An elder in some cultures is the wise guide that people in a community can turn to for support and mentoring.

Yet, there is an elder among us all that is ready to serve.  This elder is not whom you would think, or even approach, or seek out.  This elder is accessible and ready to serve whenever called upon.

This wise elder is found at the apex of coaching.  Coaching is the newest elder on the scene.  Coaching is introducing people to their own empowerment, their own wisdom and their own potentials.  Not by advising or guiding the way for them.  But, by introducing them to Themselves.  The self waiting to come forward.  The wisest part of self, the most aligned part of self, the authentic part of self.    

No other other modality, that I'm aware of, can breach limitations at this level.

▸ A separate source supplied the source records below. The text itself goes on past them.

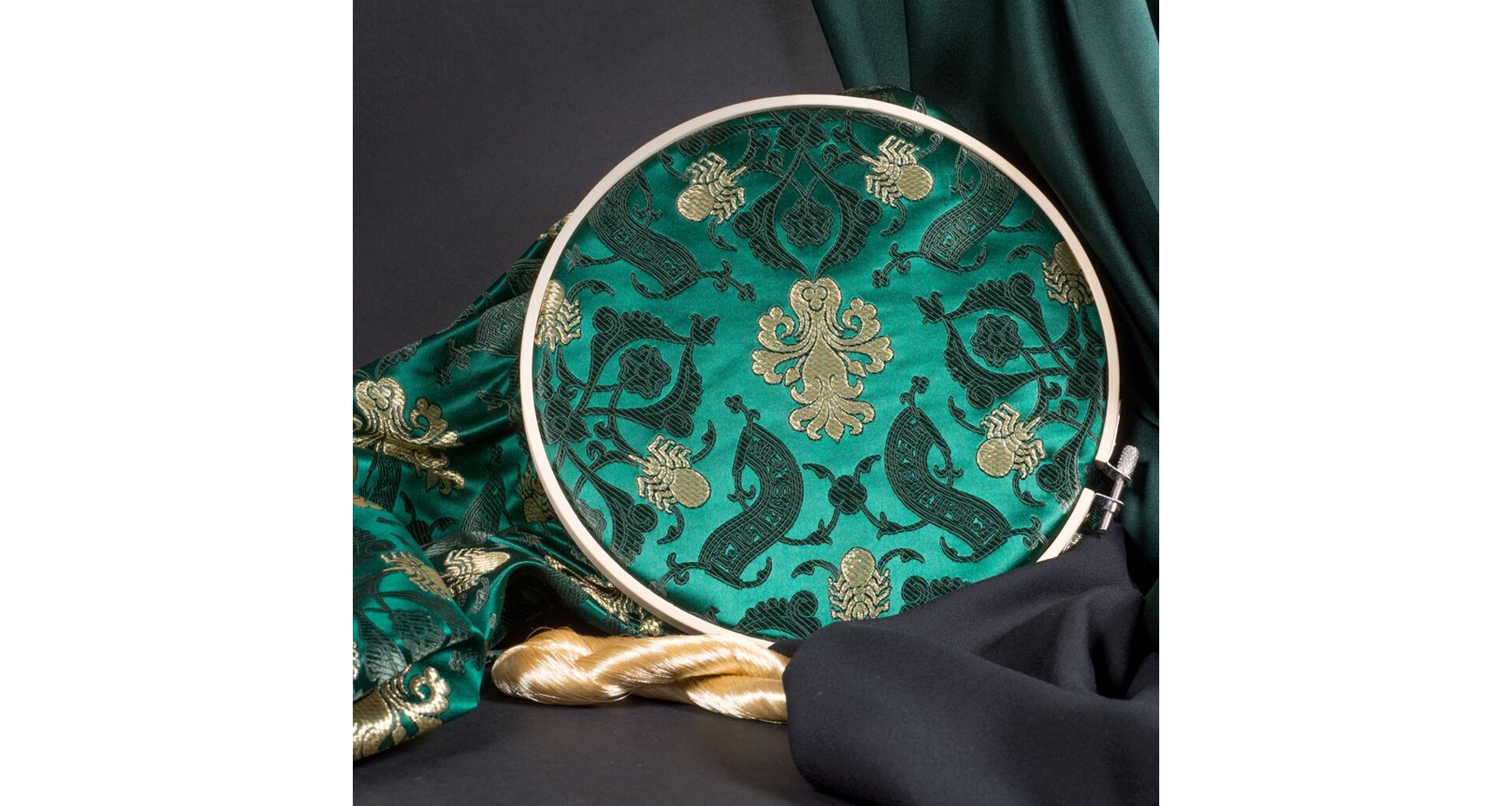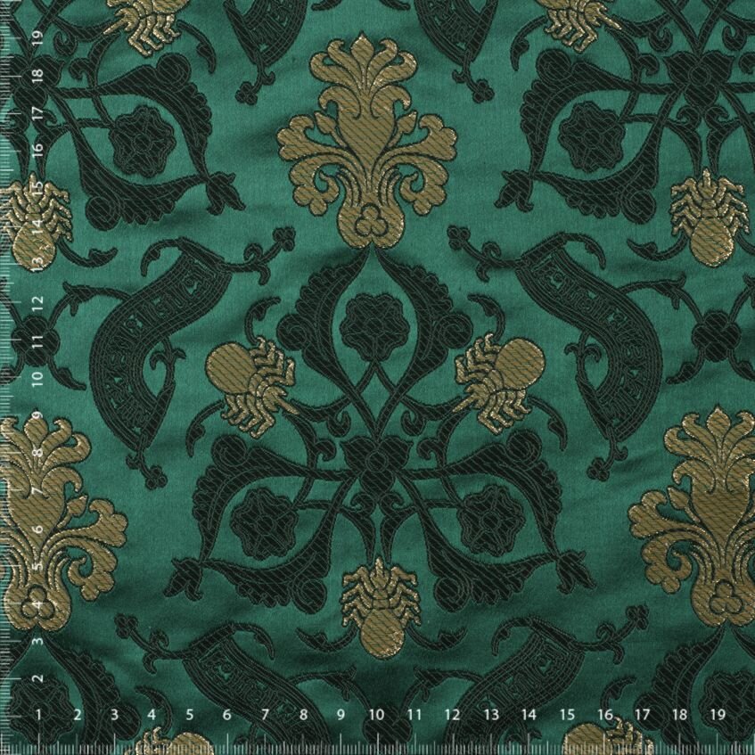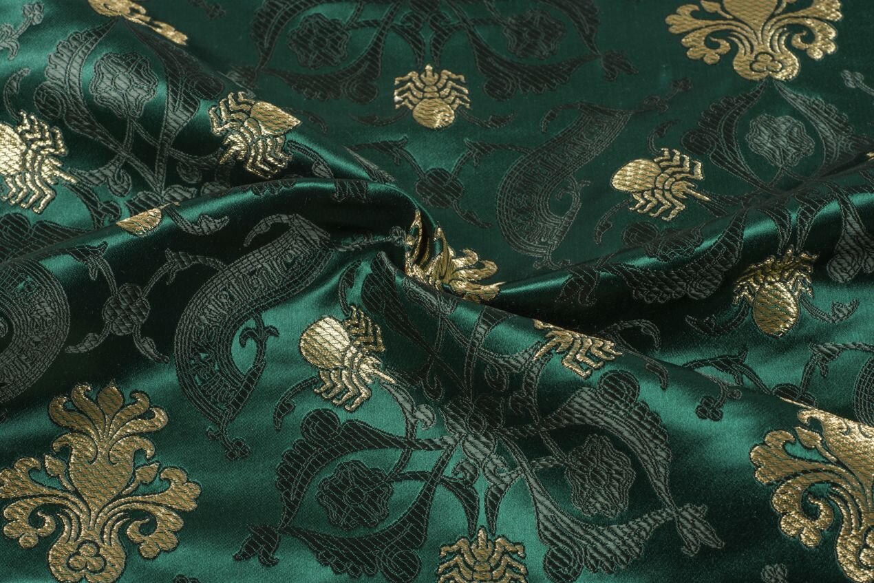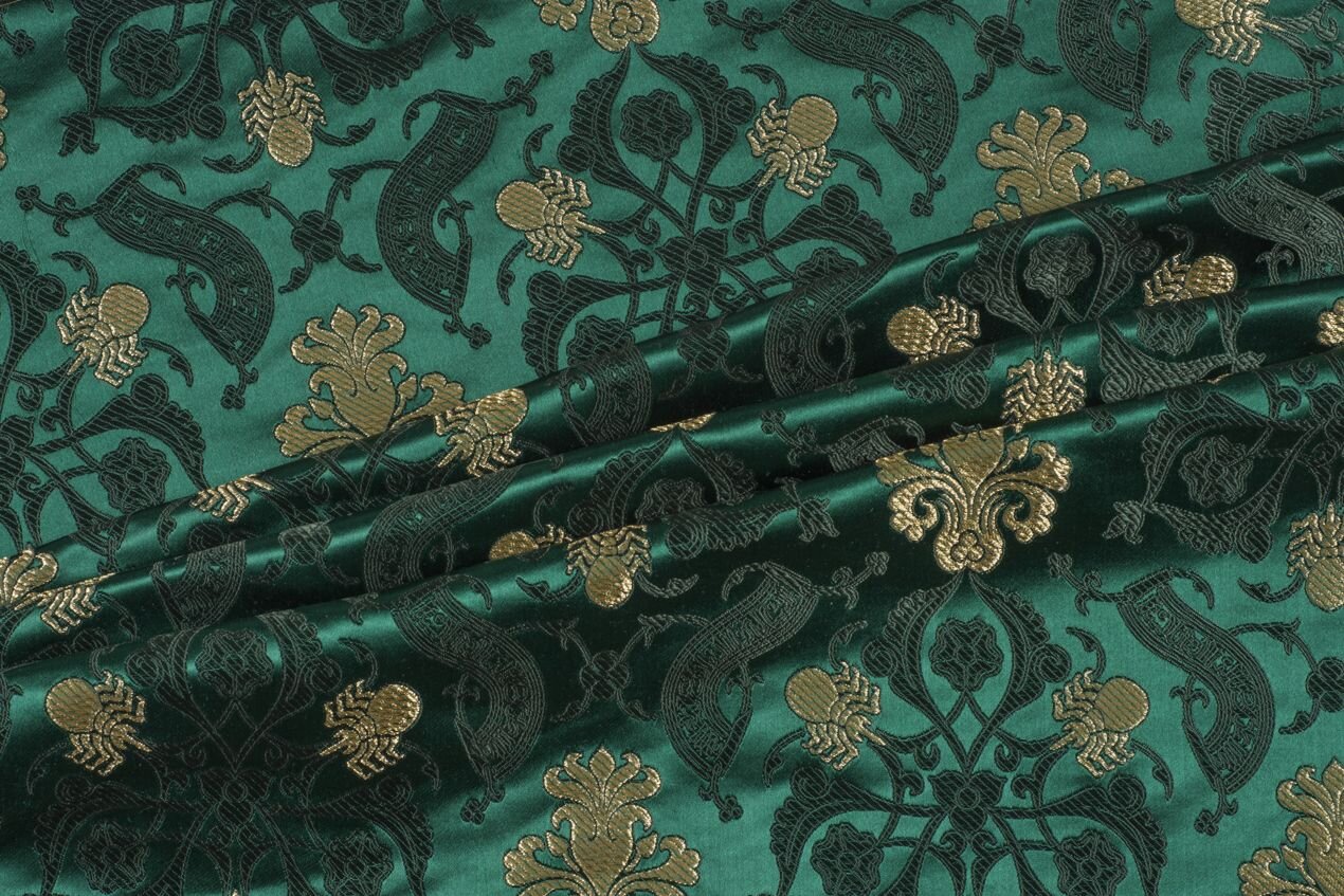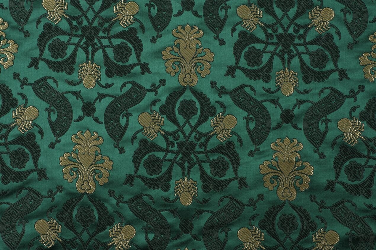Reproduction fabric of a medieval textile from the 14th century, in natural silk and rayon. Green brocade with gold thread. Perfect for historical costuming as well as modern interiors and contemporary fashions.
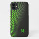 Coque iphone moderne fait en noir avec un motif de point en cascade vert néon et un monogramme d'une seule lettre. Personnalisez l'initiale pour vous-même ou comme une excellente idée cadeau.
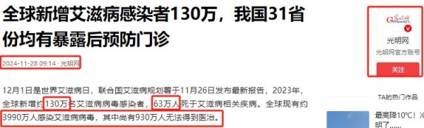 最后聚焦咱们伟大的祖国 -- 中国,面对艾滋病这个全球性难题,中国始终保持高度警惕,全力以赴开展防治工作。我国拥有 14 亿庞大人口基数,这在艾滋病传播者眼中,无疑是一片极具 "潜力" 的 "沃土"。然而,截至 2023 年末,全国艾滋病感染人数仅为 129 万,这一成绩背后,凝聚着无数防艾工作者的辛勤汗水。
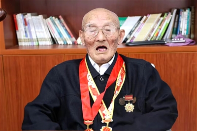 姚纪昌 每一枚军功章都铭记着战火纷飞的岁月,渗透着英雄的鲜血,也同样记载着他的传奇人生。 姚纪昌,出生于1923年2月,今年已是102岁高龄。姚老个子不高,虽牙齿有些脱落,但仍精神矍铄。回忆起过往战斗时的经历,姚老说,一切仿佛还历历在目。“那时作战很艰苦,渡江时许多船只都翻了。”他1948年1月入伍,原为某部队一名通讯员,参加过淮海战役、渡江战役,在上海、杭州、舟山等多地参加过战斗。 “记得印象最深的是有次坐火车从南京前往上海,中途火车遇到轨道中断,我们被迫徒步行军到上海黄浦江口,又在那里打了几天几夜的仗,这一仗打得真艰难。”姚老说。“打仗就会有人牺牲,您当时害怕吗?”面对记者的提问,姚老笑着说:“像我这样能够活到今天,已经是非常幸运了。现在的生活越来越好,这也正是我参加革命时候想要的生活。”如今,姚老身边还一直保留着淮海战役纪念章、渡江战役纪念章以及中国人民解放军华东军区政治部制的《功劳证》。1951年,姚纪昌还荣立四等功一次。 1954年,姚纪昌复员回家,此后他又先后担任过姚江岸生产队队长、大队党支部书记、村民兵连长、治保主任等,为家乡建设贡献自己的一份力。1959年6月入党的姚纪昌,2021年收到了中共中央颁发的“光荣在党50年”纪念章。 |

"You have taught [yourself] what you are, 
but you have not let what you are teach you."
~ A Course In Miracles
​
This week I invite you to allow yourself to teach yourself.   Put the next self-help book down (you can always read it later through a new lens) and instead go inside.  What does your heart have to say about.... ?   

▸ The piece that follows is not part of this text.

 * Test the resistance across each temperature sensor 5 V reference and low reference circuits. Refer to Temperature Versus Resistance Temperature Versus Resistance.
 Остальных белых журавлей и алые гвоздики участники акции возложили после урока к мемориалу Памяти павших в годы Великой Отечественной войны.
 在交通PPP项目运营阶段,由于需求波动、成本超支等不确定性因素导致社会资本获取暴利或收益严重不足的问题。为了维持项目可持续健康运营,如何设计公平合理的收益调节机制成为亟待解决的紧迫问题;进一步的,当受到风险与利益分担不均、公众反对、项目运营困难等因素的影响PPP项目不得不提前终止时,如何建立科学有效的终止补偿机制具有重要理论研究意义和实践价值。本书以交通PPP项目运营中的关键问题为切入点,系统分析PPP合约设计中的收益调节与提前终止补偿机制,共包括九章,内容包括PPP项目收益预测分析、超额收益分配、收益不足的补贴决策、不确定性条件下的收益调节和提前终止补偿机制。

Every coach has the tools to hold a bigger space for us to meet the elder within.  Every coach has the skills to help you see farther, dig deeper and help you ensure you are unfolding in the right direction.  
Can you imagine living a world where people are connected to their wisest self sooner than later? Companies that begin with the end in mind? Leaders that care about the health of the whole because they are connected to their values?  I can and I am proud to be a part of this profound solution we call coaching.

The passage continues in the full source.